But while we are on about cradles, can anyone recommend a windscreen mount for a camcorder? I have a Samsung F 50.


----------



## Sirmally2 (Feb 28, 2011)

Well this is the one i've settled on

http://www.blackvuehd.co.uk/BlackVue_DR380G_HD.php

I've managed to source it £60 cheaper than advertised there. Do i get it professionally installed and cables hidden? Or do it myself


----------



## Dirtymonkey29 (Jul 22, 2012)

Looks good. What if your hit from the side/rear? Or if someone breaks in and nicks it? Does it upload to the cloud as well as memory card?


----------



## Sirmally2 (Feb 28, 2011)

Dirtymonkey29 said:


> Looks good. What if your hit from the side/rear? Or if someone breaks in and nicks it? Does it upload to the cloud as well as memory card?


No, im afraid not. If i get hit from the side, then it happens. Chances are if your hit from the side then they will either have to drive past you, or the vehicle will be rendered out of action.

I don't think it backs up. I will be taking it out of the vehicle when parked up anywhere unto ward. It mainly is parked on my driveway or at work. It doesnt go anywhere else really


----------



## andy monty (Dec 29, 2007)

I have a t-eye now rebranded and imported by road hawk it films forward and with some type of fish eye lense on the back it films out the back, side windows and the passengers....


----------



## spursfan (Aug 4, 2009)

Heres some footage of car cameras catching footage of some pretty nasty accidents.
I would imagine that if you had a camera onboard and something like this happened to you, then at least you would be covered when it came to claims etc..
Certainly makes you think quite seriously about investing in one of these cameras, which one though??











Kev


----------



## saloonsean (May 2, 2011)

http://forum.bmw5.co.uk/topic/70696-mints-2003-e39-530i-m-sport-back-from-the-bodyshop/page__st__120

see post 128.

I'm tempted by one of these with some of the shocking driving i see


----------



## packard (Jun 8, 2009)

Tempted also would like one that ideally is hidden from view, does anyone have any pics of these installed both inside and from outside (like others worried it will be stolen etc)


----------



## iPlod999 (Jun 23, 2012)

As previously recommend in this thread. I use the Witness Driver app for the iPhone and the Maplin cradle.

69p app and £10 cradle.

Bargin!

Here's some footage of my uneventful journey this morning.

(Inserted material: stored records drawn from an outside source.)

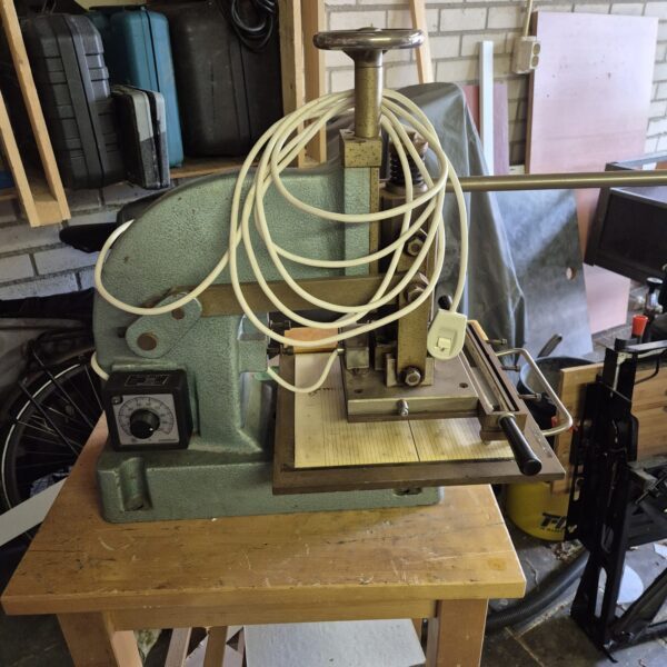 Te koop folieprs voor boekbinderij. Complete set met verguldpers, meerdere lettersets, houder voor 1 of 2 regels, houder voor hele pagina.
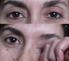 Hay un grupo muy importante de ptosis aponeuróticas que se deben a irritación física de los párpados, (7) como es el caso de los frotadores crónicos, de los usuarios de lentes de contacto y de algunos pacientes que han sufrido cirugía del segmento anterior. El frotamiento de los PS puede realizarse en cualquier momento del día y por causas diversas: al despertarse por las mañanas, con el llanto, con el picor ocular (conjuntivitis alérgicas, dermatitis atópicas y ojo seco), al desmaquillarse o simplemente por costumbre. Nosotros observamos en consulta muchos pacientes que se frotan violentamente los ojos de forma rutinaria y sin ningún respeto a las estructuras palpebrales y al globo. Ellos solos se provocan la aparición de ptosis, y dermatocalasia (fig. 6).
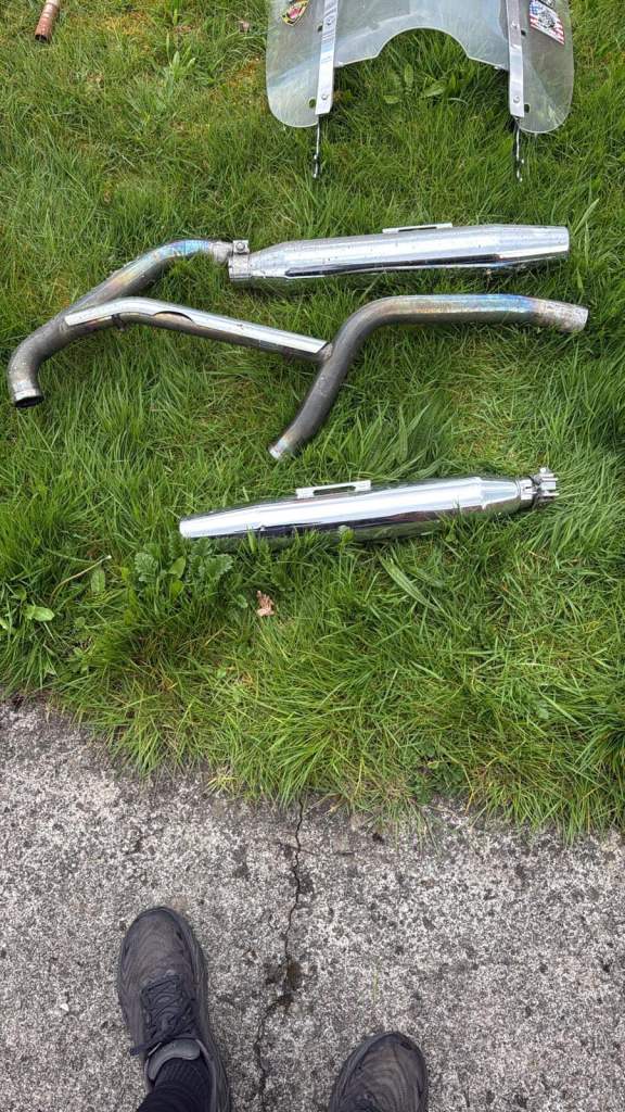 Posting for 5+ yearsHarley Davidson motorcycle parts - visor, exhaust pipes, wheel, flag, jack, bag

http://i1164.photobucket.com/albums...-B77A-56ECD0013969-12526-00000FD73443011C.mp4


----------



## packard (Jun 8, 2009)

I would prefer hard wired/mounted version. Good idea for iPhone if in hire car etc though

Just downloaded app- looks good


----------



## ardandy (Aug 18, 2006)

I used an iphone one but it drains your battery big time and you have to put it in and out every journey which gets boring very quickly. Also a call interrupts recording!


----------



## rob3rto (May 23, 2007)

ardandy said:


> I used an iphone one but it drains your battery big time and you have to put it in and out every journey which gets boring very quickly. Also a call interrupts recording!


You shouldn't be answering call while driving


----------



## ardandy (Aug 18, 2006)

My car has builtin bluetooth!


----------